Late last year, the Forum edited a special edition of Ecos, the journal of the British Association of Nature Conservationists (BANC) this was published in July 1998. This included a range of articles about the UK Overseas Territories as well as a set of recommendations for UK Government to address in respect of its responsibilities to the environment in UK Overseas Territories. It is pleasing to be able to commend UK Government for so rapidly and positively responding to our suggestions. A major area of work throughout the year has been the contribution of ideas and discussions to the development of the White Paper and its concept of an environmental charter. Forum officers have taken several opportunities to outline to both NGO partners and OT Government officials and ministers the potential advantages which the environmental sections offer if all can work together.

The Forum is especially grateful to RSPB, WWF-UK, and BOU for extra financial support to help it utilise the opportunity presented by the White Paper process.

In addition to the increasingly strong working links with FCO, the Forum has worked closely in recent months with colleagues in the Department for the Environment, Transport and the Regions and the Government’s statutory advisors on nature conservation, the Joint Nature Conservation Committee, particularly in regard to the Conference to the Parties to the Ramsar Convention. In the coming months, the Forum looks forward to working with JNCC and DETR to find ways of providing advice on Ramsar-related matters in the UKOTs. The Forum would like also to develop strong collaboration with other departments, particularly the Department for International Development. It is pleasing to note that the White Paper addresses a point relevant to this Department made by the Forum in a letter to that Secretary of State in 1997. This concerns the gap in funding between UK domestic spend and UK’s international contribution to funding through the Global Environment Facility (which is the support mechanism to developing countries under the Convention on Biological Diversity). The UK Overseas Territories are eligible for neither. The Forum would be happy to work with DFID to facilitate ways of implementing the new policy aimed at filling this gap.

Conservation priorities

The Forum is pleased to have been able to facilitate the designation by the British Government (in association with the Governments of the Territories concerned), under the "Ramsar" Convention, as Wetlands of International Importance, part of Anegada (BVI), seven sites in Bermuda, and almost the whole of the British Indian Ocean Territory. The Forum looks forward to working with governments and OT NGOs to maintain the momentum and to progress the designations of other sites, as well as reviewing the list of qualifying sites.

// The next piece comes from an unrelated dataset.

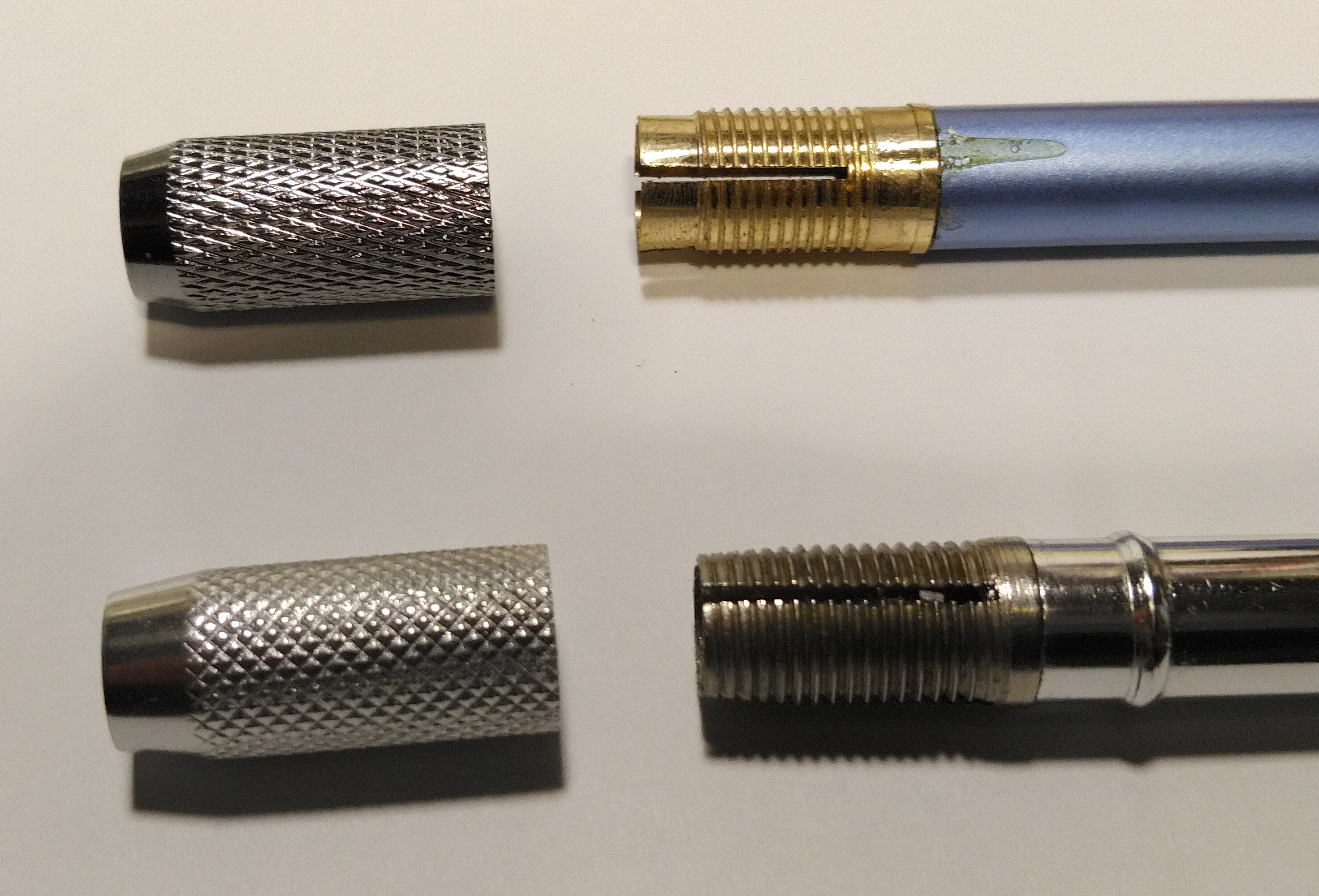 ネジ部分の加工精度は悪く, 少々がたつきます。削りくずがねじ山に残っているものもありました。

The Forum has supported — and will continue to support — OT NGOs in their efforts to prevent damaging or destructive development activities affecting important sites. This includes proposed devastation at East Caicos, TCI, by a cruise liner port; destruction of wildlife and habitats on Sombrero island, Anguilla, by a rocket launch site; destructive development at Grand Cayman’s Central Mangrove Wetland; and risk to Ships Hill Caves, Bermuda, by hotel development.

The Forum looks forward to assisting the putting in place, under the White Paper follow-up process, better procedures to take environmental conservation into account in strategic planning. This would be compatible with the Convention on Biological Diversity. This should help avoid, at an early stage, some of the conflicts illustrated in the previous paragraph. The Forum agreed 18 months ago to the Secretary of State’s request that it contribute to conservation planning in the OTs by commenting on the environment part of country plans, and awaits UK Government’s implementation. The Forum looks forward to working with all parties in TCI to develop a model sustainable management plan, which will feed into TCI’s new physical development plan as well as providing an example for elsewhere.

Public awareness and publicity

Three of the Interpretation Display Boards produced for the Overseas Territories to help raise awareness
about the wealth of biodiversity in the UKOTs (each of above links to full web-page version)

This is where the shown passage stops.